Share your dilemmas and get honest opinions from other Mumsnetters.

To take away phones on sleepover

299 replies

gowednesday · 10/01/2026 21:51

10 year old dsd, hosting first school friend sleepover next weekend.

is it unreasonable to say no phones or that we’ll look after them and they can ask to use them?

OP posts:
Thread gallery
5
itsasmallworldafteralll · 11/01/2026 09:10

What I’m really taking from this thread is posters talking about ‘unlimited access’ to the internet for their kids and how sinister it all is. Why the hell have these kids got unlimited access. The amount of parents who give their kids a phone and talk to them about using it responsibly and think their job is done is beyond me!

Please block your child from:
-using the internet without your PIN or even better just delete the internet app. If they’re older and need it, use appropriate parental controls to filter as much as possible. Why do they have any unsupervised access at 10?! That’s incredibly ignorant. Check internet history regularly. Block sites as needed for older dc.

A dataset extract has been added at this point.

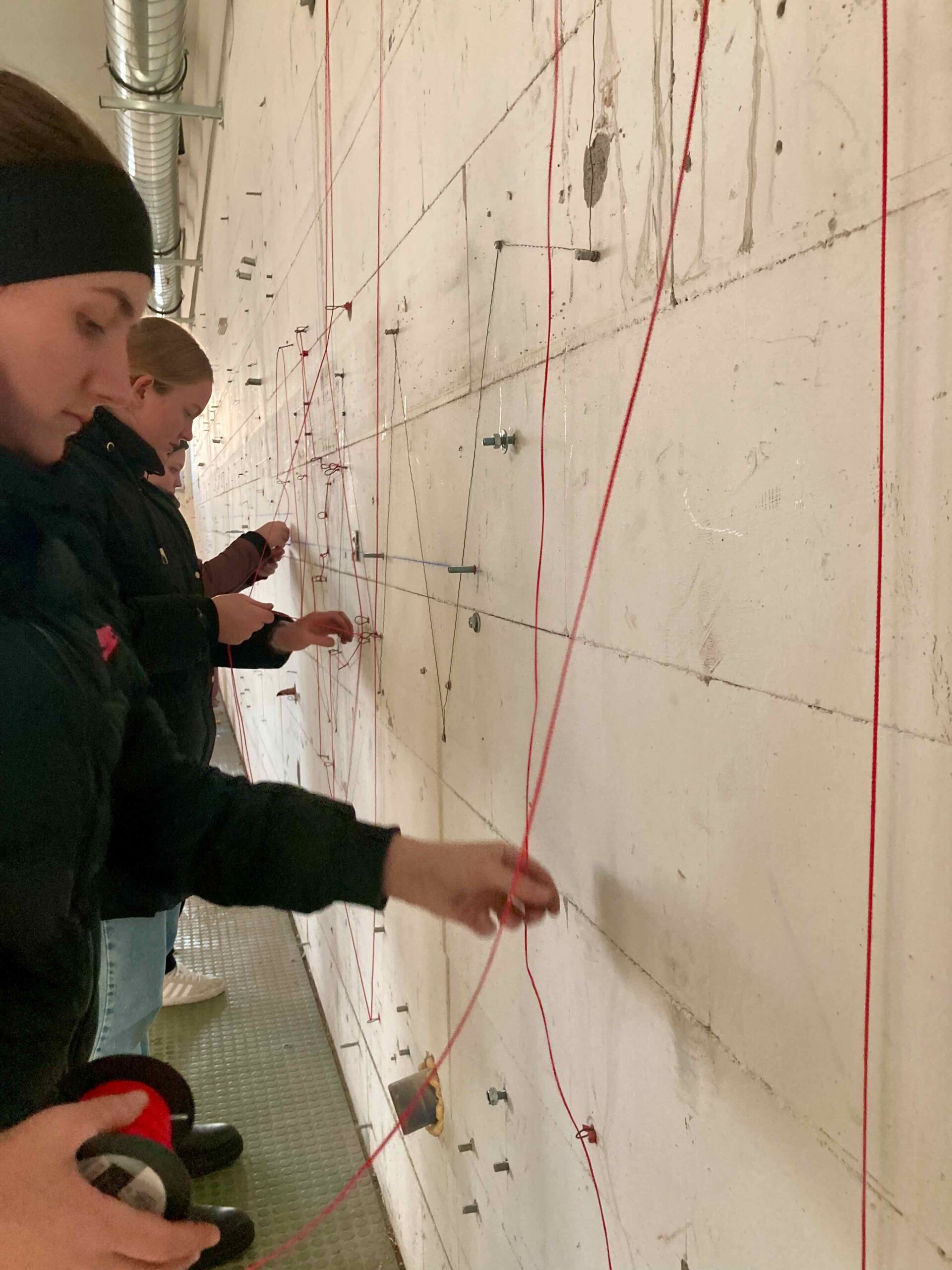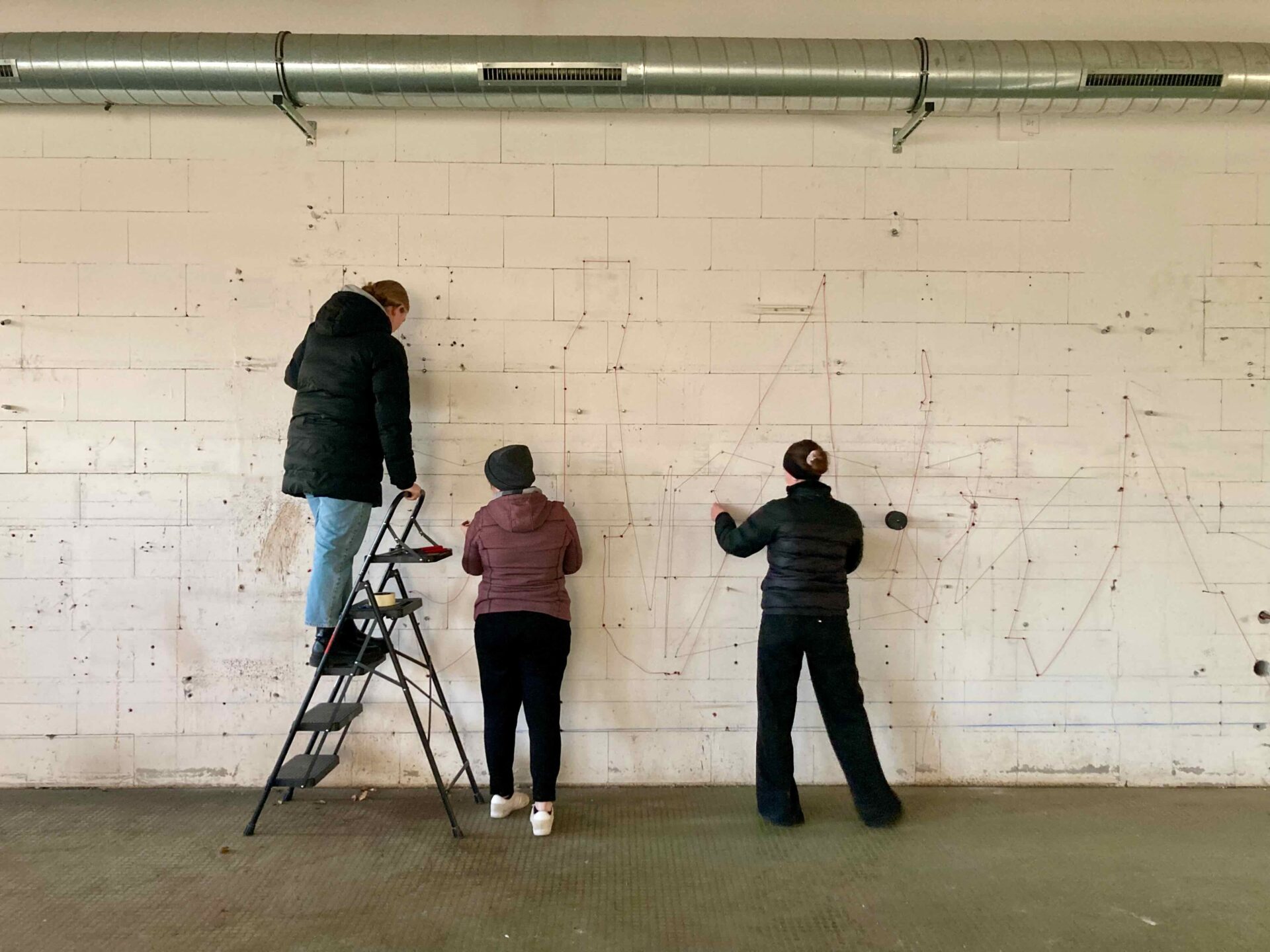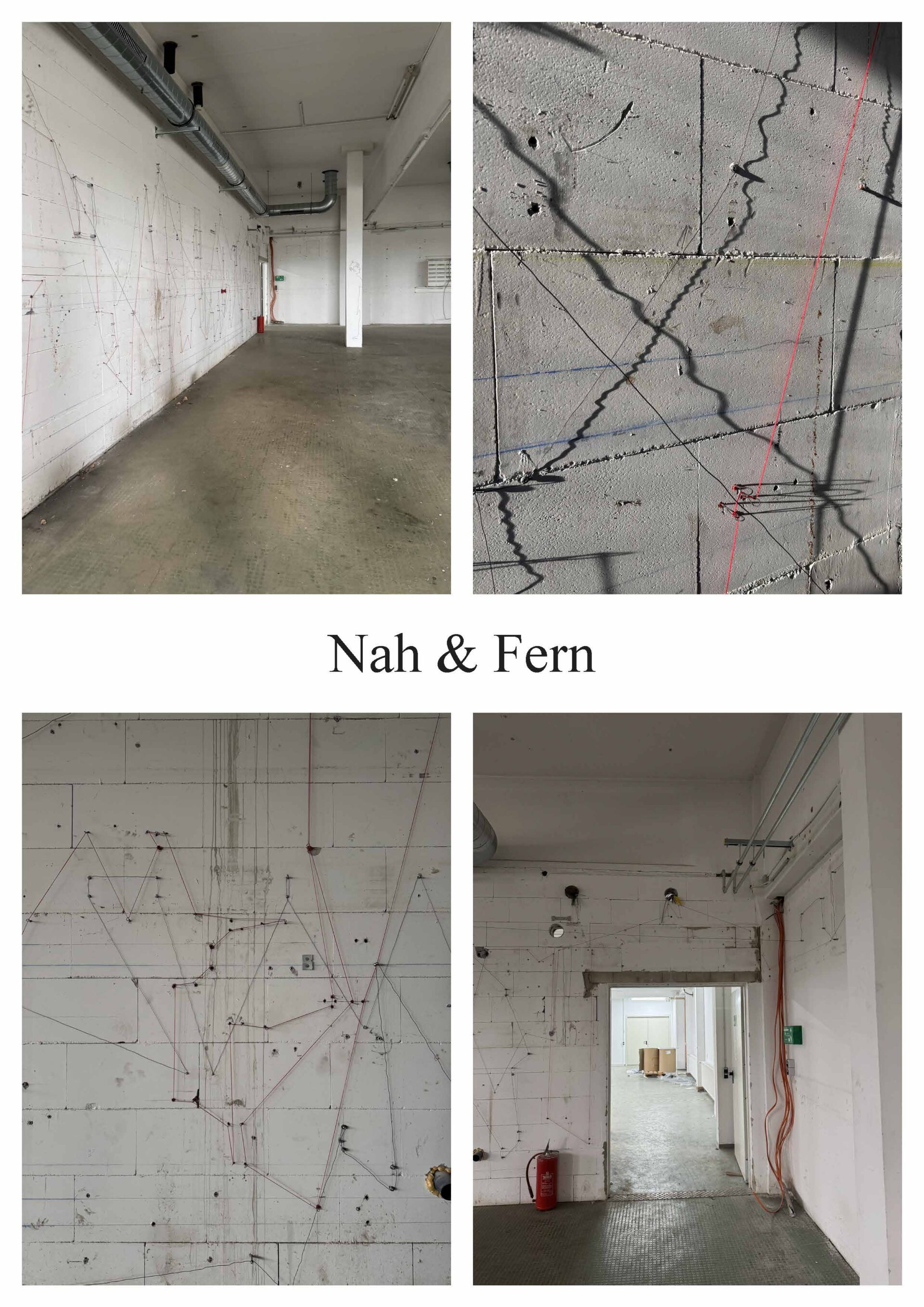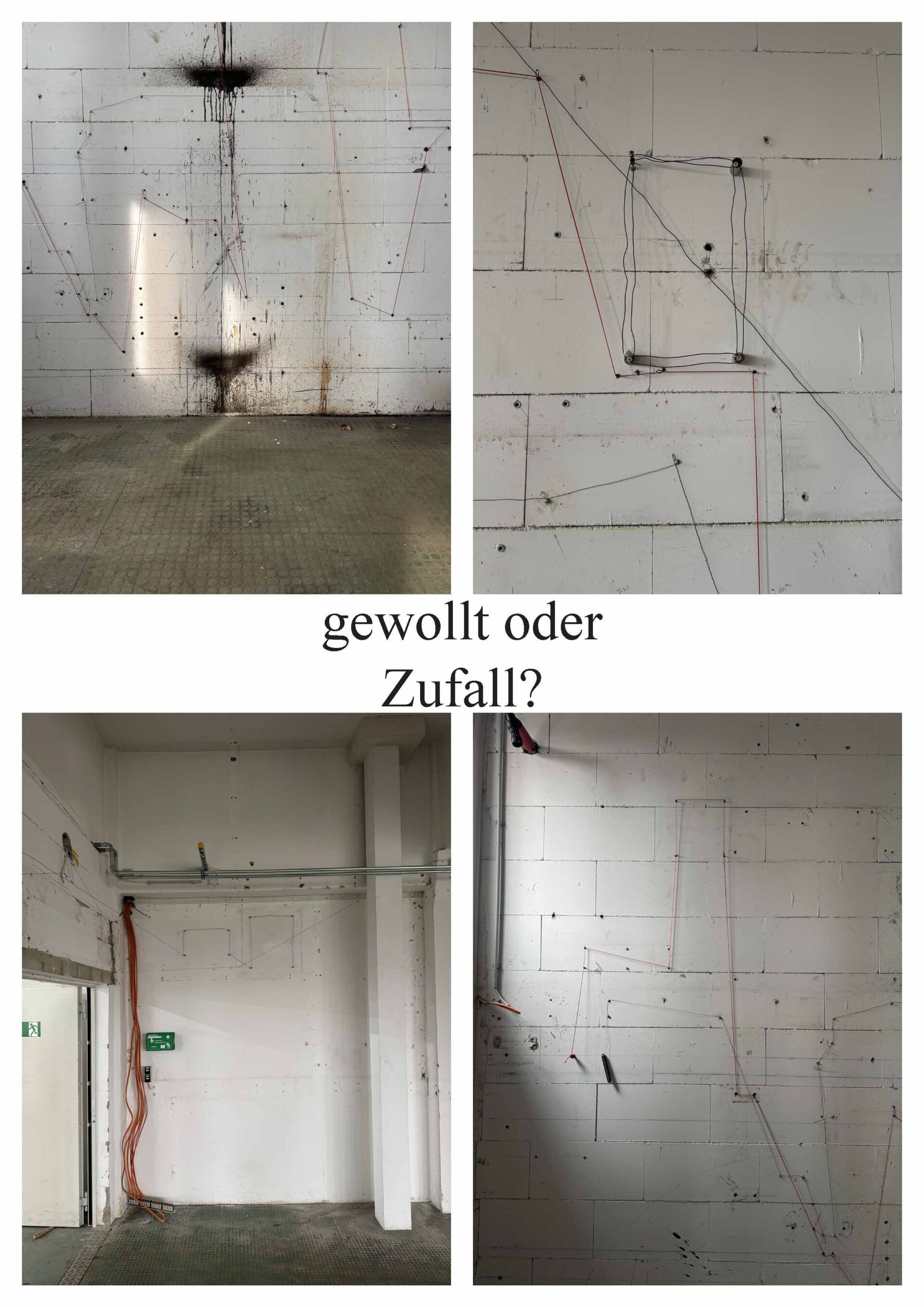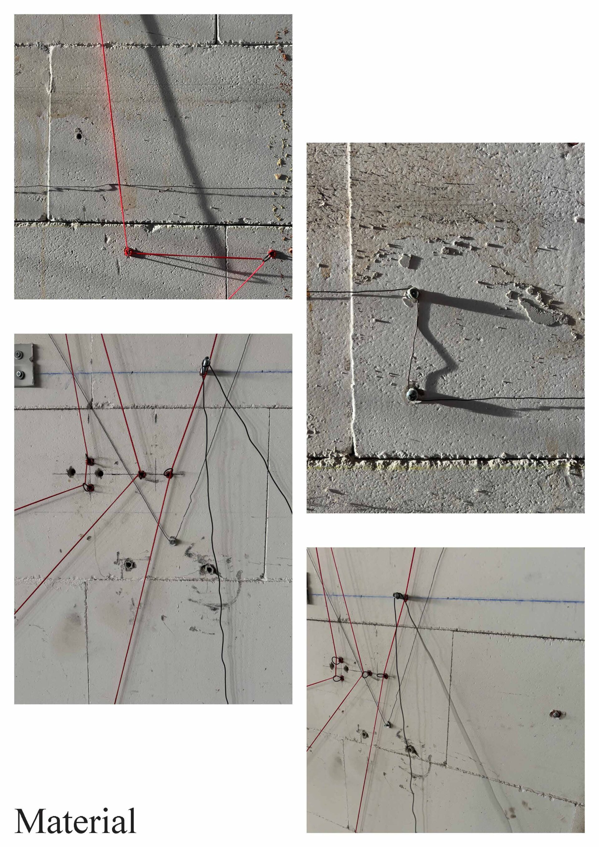 Die Arbeit untersucht die Wand nicht als geschlossene Fläche, sondern als System von Bezie-hungen. Gleiche Elemente werden miteinander verbunden: kleine Schrauben mit dünnem Draht, Gewindestangen mit dickem Draht, rote Dübel mit roter Schnur. Dadurch entstehen verschiede-ne Verbindungsebenen, die sich überlagern und kreuzen. Die bestehende Unruhe und Farbe der Wand wird nicht ausgeglichen, sondern aufgegriffen und weitergeführt.

-using YouTube. IMO this should be blocked on both apps and allowed internet websites. My child has YouTube kids for 15 minutes a day. This is controlled through family sharing on my phone

-installing or deleting ANY apps without your permission (you need to put your PIN in to allow) You can talk all you like but peer pressure will make them less responsible than you think

Phones should be monitored daily, passwords should be known, you can set up duplicate accounts of older children’s social media accounts on your own device to monitor. If this is all done from early on, dc accept it and even embrace it. All this talk of what they could be seeing is mind-boggling. Obviously they are going to see things but mainly because so many parents are completely uneducated on how to manage screen time and what dc are able to access.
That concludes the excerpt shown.